File metadata and controls

178 lines (140 loc) · 10.2 KB

FRBGui

FRBGui is a graphical user interface for measuring spectro-temporal properties of Fast Radio Bursts from their waterfalls using 2D autocorrelations. It can be used to split bursts with multiple components, change the dispersion measure (DM), add noise filters, and other preparation tasks before measurement.

After measurement, FRBGui can be used to review and fix incorrect measurements by supplying initial guessues, producing an output pdf of all measurements and spreadsheets of measured values. Spreadsheets produced in this way can be loaded back into the FRBGui for further work or different sessions of measurements.

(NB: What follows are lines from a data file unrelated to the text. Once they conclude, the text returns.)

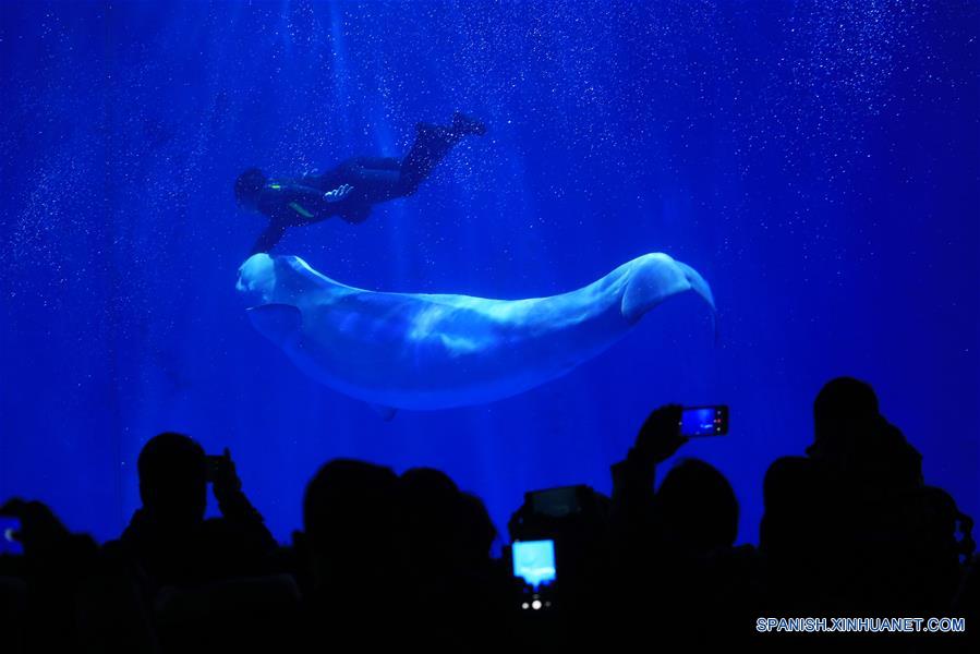 GUIZHOU, enero 27, 2019 (Xinhua) -- Imagen del 26 de enero de 2019 de personas observando una ballena beluga en un acuario en Guiyang, capital de la provincia de Guizhou, en el suroeste de China. (Xinhua/Wang Chunliang)
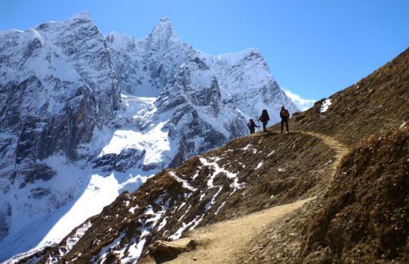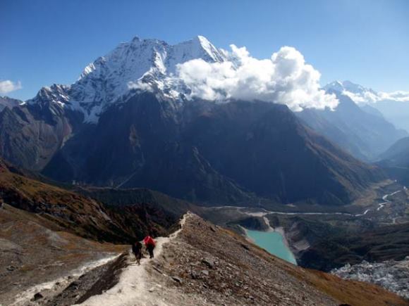 The ascent of Larkya La (16,752 ft) is a gradual winding climb, until we reach the northern face of the Larkya Glacier. From the top the views of Cho Danda and Larkya Peak are incredible. A long descend to the valley trail we pass the village of Tambuche, and finally arrive Bim Thang.
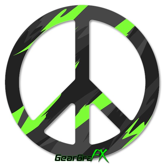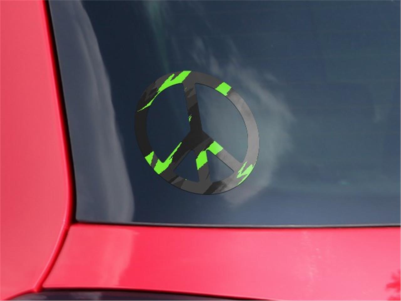Jagged Camo Neon Green - Peace Sign Car Window Decal 6 x 6 inches
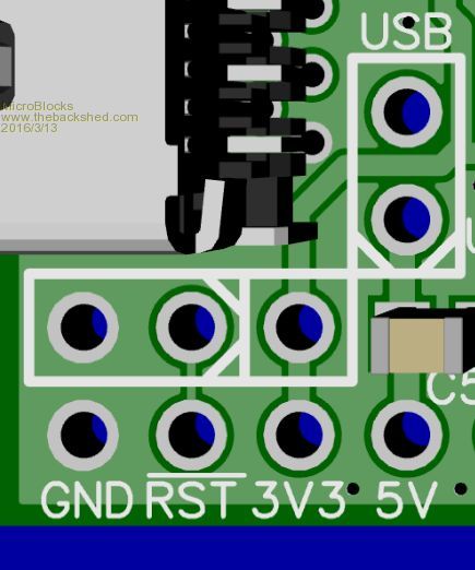 The reset pin is right next to a GND pin, so just add a header. If you plug this in a breadboard, push a momentary switch between the GND power lane and the RST pin. If you use a terminal to program it, press CTRL+R and the PIC16F1455 that acts as a USB-Serial (also programmer) will pull the #MCLR pin low and resets the PIC32. The choice on what to add and what to leave out is always a difficult one. The same goes for adding a LED to indicate power. Maybe nice to have but if you have a USB connection then that is a good indication that power is available. For use with a battery a LED uses more power then the PIC32 and PIC16 together. The list of things to add and leave out goes on. The USB header (to enable power from USB) is also such a case. Many want a diode to protect against connecting USB power and external power. Others want a PTC to protect against large currents (which the voltage regulator already does) etc. The USB header leaves that choice open. Want a diode, then add it. Rather have a PTC, well just add it. :) I think a jumper is the easiest solution and still offers those possibilities. If used as a uMite then a reset is hardly necessary. When programming you would more often use CTRL+C to stop a running program and give the command NEW to erase everything or the command RUN to start it again. I find myself almost never using the reset switch. In other cases (arduino/ direct PIC) it is used more often. Above is my way of thinking to make it the most versatile and useful. Microblocks. Build with logic. |

Measurements can be performed over a range of DMs and include the burst frequency, the sub-burst slope and/or drift rate, burst duration and burst bandwidth.

Features include:

  • Change the DM of a burst
  • Crop waterfalls
  • Mitigate noise and RFI via background subtraction, SK-SG filter, manual channel zapping, and mask ranges
  • Import and export of noise masks
  • Measure over user-defined ranges of DMs
  • Downsample waterfalls in frequency and time
  • Split bursts with arbitrary numbers of sub-burst components
  • Define inital fit guesses
  • Review measurements via the output table
  • Correct individual fits by DM
  • Output measurements as a csv spreadsheet and/or PDF with plots of each waterfall with its measurements.
  • Provides driftrate and driftlaw python modules for scripting and automation.
  • Automatic backups of measurements as they are made

Click here for a video demo of FRBGui

Screenshot of FRBGui

The GUI is extensible and pull requests are welcome.

Status

Currently FRBGui works best with waterfalls saved as 2d numpy arrays (See Usage for more details). FRBGui is functional and can produce thousands of measurements but is quirky, buggy, and not tested on different platforms. FRBGui will run on most platforms but with varying performance.

Installation

Install FRBGui with

pip install --user frbgui

For a local, editable installation with bleeding edge updates you may clone the repo and install locally:

    git clone https://github.com/mef51/frbgui.git
    cd frbgui
    pip install --user --editable .

Acknowledgements

If used in an academic study please cite

"A broad survey of spectro-temporal properties from FRB20121102A", Chamma, Mohammed A. ; Rajabi, Fereshteh ; Kumar, Aishwarya ; Houde, Martin. Oct. 4 2022. Submitted to MNRAS. arxiv:2210.00106, ADS:2022arXiv221000106C

Usage

Frbgui Demo

Getting Started

Run from the command-line with the following command to start in your current working directory:

frbgui

In a python script, you can invoke the gui in the following way:

from frbgui import frbgui

frbgui() # starts the GUI

At the moment FRBGui works best with burst waterfalls that are prepared as python .npz archives. The following snippet shows the format of the archive and an example of how a burst can be saved in the right format:

wfall = # 2D numpy array with shape (num freq channels, num time channels)
burstmetadata = {
    ### required fields:
    'dfs'       : # 1D array of frequency channels in MHz,
    'DM'        : # dispersion measure (DM) in pc/cm^3, float
    'bandwidth' : # bandwidth of `wfall` in MHz, float
    'duration'  : # duration of `wfall` in seconds, float
    ### optional fields:
    'center_f'  : # burst frequency in MHz, optional,
    'freq_unit' : # string of freqeuncy unit, e.g. 'MHz', optional,
    'time_unit' : # string of time unit, e.g. 'ms', optional,
    'int_unit'  : # string of intensity unit, e.g. 'Jy', optional,
    'telescope' : # string of observing telescope, e.g. 'Arecibo', optional,
    'burstSN'   : # float of signal to noise ratio, optional,
    'tbin'      : # float of time resolution, optional
}

np.savez('burst.npz', wfall=wfall, **burstmetadata)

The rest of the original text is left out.